When we assessed the long-term effect of cardiac surgery on SVZ neuroblasts, reductions in cell density in the whole SVZ were displayed in both CPB groups (Fig. 3KN). Consistent with our findings for NSPCs, the neuroblast population was reduced specifically in the dorsolateral-SVZ 4 weeks post CPB in both mild and severe insult groups (Fig. 3O), whereas no differences were observed in the ventral-SVZ (control vs. mild p=0.1316, control vs. severe p=0.3868, mild vs. severe p=0.7261). Moreover, similar to NSPCs, there was no recovery in neuroblast density over time (Fig. 3O), indicating prolonged inhibition of SVZ neurogenesis due to CPB. Finally, a marked reduction of cluster number and a trend in cluster occupancy was shown 4 weeks after severe-CPB (Fig. 3PT).

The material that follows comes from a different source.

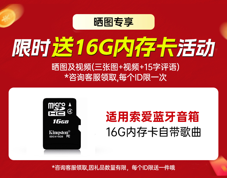 • [컬렉션 + 장바구니] 1년 교체 혜택을 누리고 사진을 게시하면 노래가 포함된 16G 메모리 카드를 받을 수 있습니다.

This latter observation specifically found in the group suggests a high susceptibility of migratory processes in neuroblasts to HCA-induced injury (Fig. 1A). Overall, our cellular analysis of the SVZ up to 4 weeks post-operatively provides evidence that a CPB-induced insult not only reduces postnatal SVZ neurogenesis and neuroblast migration in the short-term, but also prevents recovery of the neurogenic properties of the largest progenitor pool for a prolonged period.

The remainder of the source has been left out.